Выбрать главу

Почему Михаил так отрицательно относится к идее усыновить детдомовского ребенка или взять на воспитание малютку? Господи, она умолила бы любые строгие комиссии, умаслила их, завалила подарками, одела в самые роскошные одежды и обула так, как им и не снилось, — только дайте ей прижимать к сердцу теплый, пахнущий молоком комочек, дайте слышать рядом с собой тихое детское дыхание! Но муж как отрубил — только свои, денег не жалей! Уж она ли жалела? И вместе они уже ходили по врачам, выслушав страшный приговор — Михаил здоров, а она больна.

Как ее Миша был заботлив и предупредителен, как убивался, сколько сил приложил, чтобы помочь, — всех друзей и знакомых поднял на ноги, подключил все связи, чтобы она могла попасть к выдающимся светилам на консультации, лечь для лечения в закрытые клиники, летать к легендарным знахарям, но все оказалось впустую. Тлела еще надежда, поскольку без нее не может жить человек и чахнет от горя, слабеет перед невзгодами, но постепенно Котенев как-то успокоился, замкнулся в себе, практически перестал говорить на темы о детях, и все отчетливее засквозил между ними пока едва заметный холодок отчуждения. Но разве любящая женщина не сможет уловить начало конца по мимолетному взгляду, движению руки, ласкающему ее тело не так, как раньше, а привычно-равнодушно выполняя супружескую обязанность, делающуюся все более тягостной.

А еще сидит занозой другая боль, свившая себе гнездо в душе, — брат Виталий. Случившееся с ним Лида считала трагическим стечением обстоятельств и не могла примириться с услышанным на суде — нет, ее брат не такой!

Все попытки уговорить мужа помочь, попросить друзей вступиться, понять, что Виталик ей не только младший брат, что она перенесла на него, как и на Мишу, всю свою, не растраченную материнством, любовь, заканчивались неудачей. Котенев занял жесткую позицию: он отмалчивался, мягко отнекивался, а когда Лида начинала проявлять настойчивость и доставала его, стремился под любым предлогом закончить неприятный разговор.

Глядя, как Михаил, зажав в выхоленных пальцах тонкую позолоченную ложечку, мешает в чашке чай, Лида сказала:

— Вчера Виталик письмо прислал, — сказала и напряглась, ожидая ответной реакции мужа.

К ее удивлению, он воспринял начало очередного разговора достаточно спокойно.

— Что же он пишет из отдаленных мест? — опять подтягивая к себе газету, иронично хмыкнул Котенев. — Дают ему наконец свидание? Поедешь? Только скажи заранее, я позвоню, закажу билеты, а то потом не выберешься из этой глуши или придется тащиться на каком-нибудь скотовозе, в грязи и холоде.

— Нет, свидания ему по-прежнему не дают. — Лида почувствовала, что начинает заводиться: почему Михаил ерничает? Вот цена его благодушия — насмешка! Он насмехается над ней, над несчастным Виталием. Какая жестокость. Неужели нельзя наконец понять другого человека, принять, как свои, его страдания? Не чужой же ему Виталик, в конце концов?! — Я столько раз тебя просила, умоляла, — губы ее начали кривиться и дрожать, хотя она старалась сдерживаться, но его насмешливое равнодушие выбивало из колеи, — неужели ты не можешь ему помочь? Или не хочешь? Даже церковников пускают в больницы и тюрьмы, проявлять милосердие к несчастным…
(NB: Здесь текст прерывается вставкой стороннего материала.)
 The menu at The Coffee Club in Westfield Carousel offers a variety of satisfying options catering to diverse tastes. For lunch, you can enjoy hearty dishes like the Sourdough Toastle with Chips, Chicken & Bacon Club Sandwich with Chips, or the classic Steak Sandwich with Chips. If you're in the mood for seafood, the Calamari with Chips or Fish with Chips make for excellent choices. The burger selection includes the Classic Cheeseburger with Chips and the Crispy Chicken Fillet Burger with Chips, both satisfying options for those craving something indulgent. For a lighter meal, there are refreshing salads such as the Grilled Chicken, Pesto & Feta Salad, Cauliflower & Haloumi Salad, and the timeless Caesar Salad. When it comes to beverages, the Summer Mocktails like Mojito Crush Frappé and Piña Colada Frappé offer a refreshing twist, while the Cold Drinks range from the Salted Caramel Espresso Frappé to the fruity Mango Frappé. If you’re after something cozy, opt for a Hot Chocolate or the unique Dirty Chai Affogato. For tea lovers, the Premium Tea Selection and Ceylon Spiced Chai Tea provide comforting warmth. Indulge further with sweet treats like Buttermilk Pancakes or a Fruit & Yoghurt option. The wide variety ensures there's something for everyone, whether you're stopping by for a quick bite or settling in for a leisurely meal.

— Ну-ну, этого еще не хватало. — Котенев отодвинул чашку и нахмурился. — Перестань реветь, слышишь?

Лида отвернулась, вытащила из кармана фартучка платок и промокнула глаза. Может быть, слезы помогут разжалобить Мишу и добиться своего?

Муж встал из-за стола, прошелся по кухне, заложив руки за спину. Остановившись за стулом жены, положил ладони на ее вздрагивающие плечи:

— Ну, перестань, Лидушка, полно. Я всегда ему твердил, что надо быть порядочным человеком.
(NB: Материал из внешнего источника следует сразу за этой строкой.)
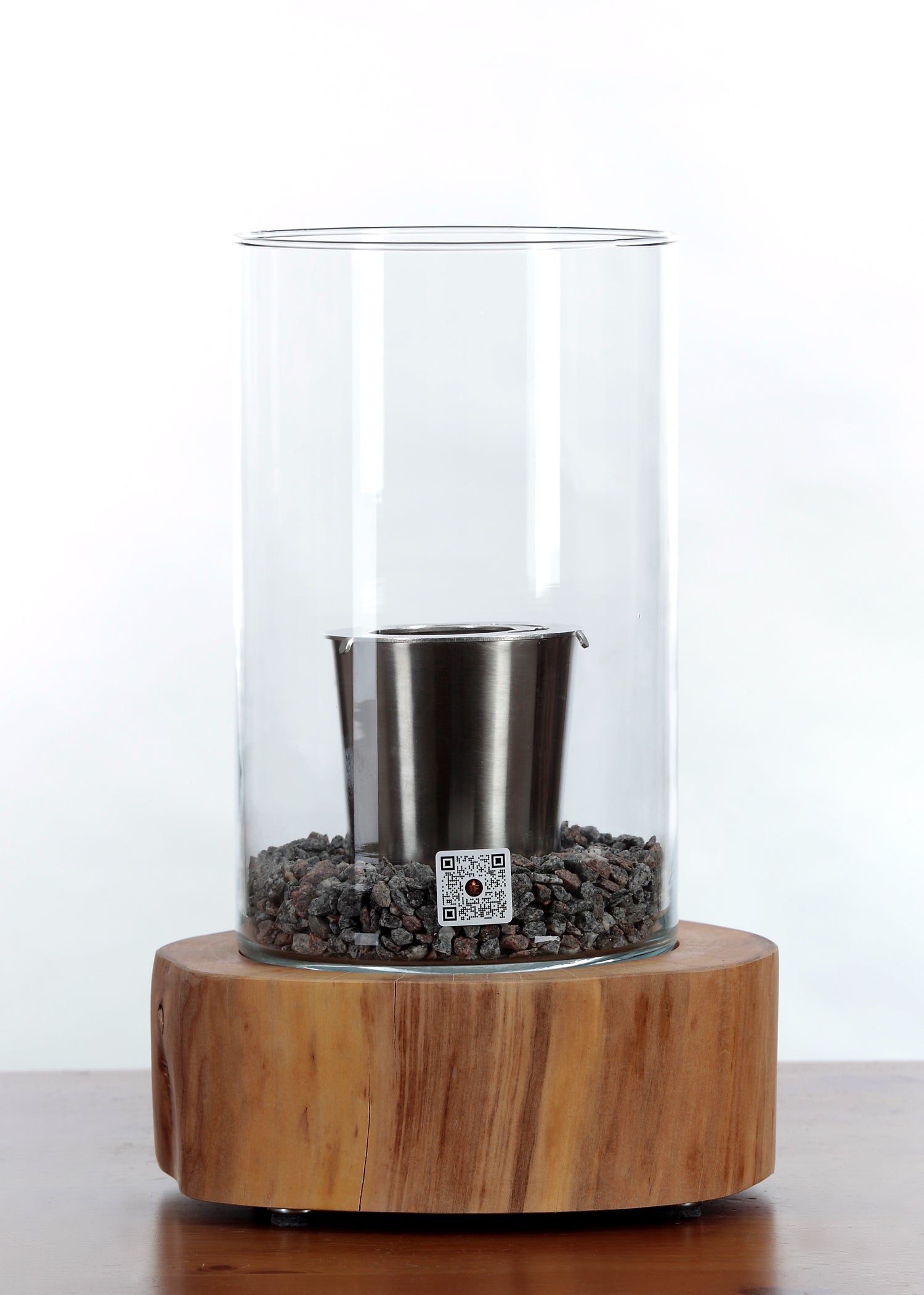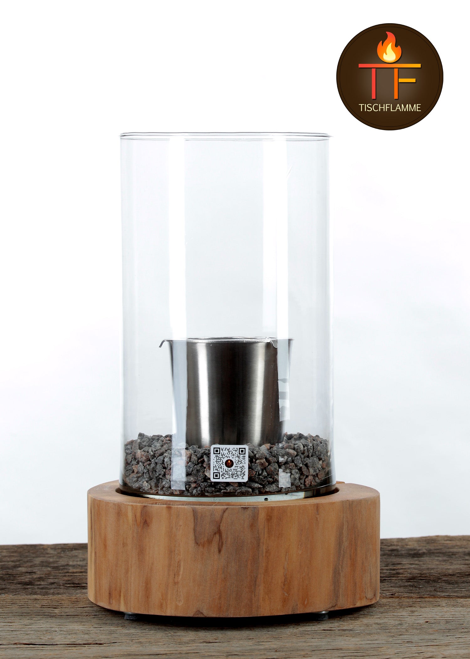 Holzsockel mit Filzgleitern, Schutzglas, Edelstahl Brennbecher + Brenndeckel, Dämmkies, Ablöscher , 1Liter Brenngel, 50 lange Streichhölzer, Reinigungsschwamm, Anleitung

— Ты же знаешь, Миша, он не виноват. — Она слегка потерлась щекой о его руку, и Котенев почувствовал, как на тыльную сторону ладони упала горячая слезинка.

Лида снова прерывисто всхлипнула и подняла к нему зареванное лицо с потеками туши на щеках. Котенев досадливо поморщился и убрал руки, украдкой вытерев то место, куда упала слезинка, о пижамную куртку.

— Ну, знаешь ли, — он опять начал мерить кухню шагами, — связаться с валютой?! Извини, но зачем надо было шастать по городу, добывать эти грязные бумажки, чтобы перепродать их неизвестно кому, какому-то Зозуле… Впрочем, теперь известно — такому же нечистоплотному проходимцу, только иной породы.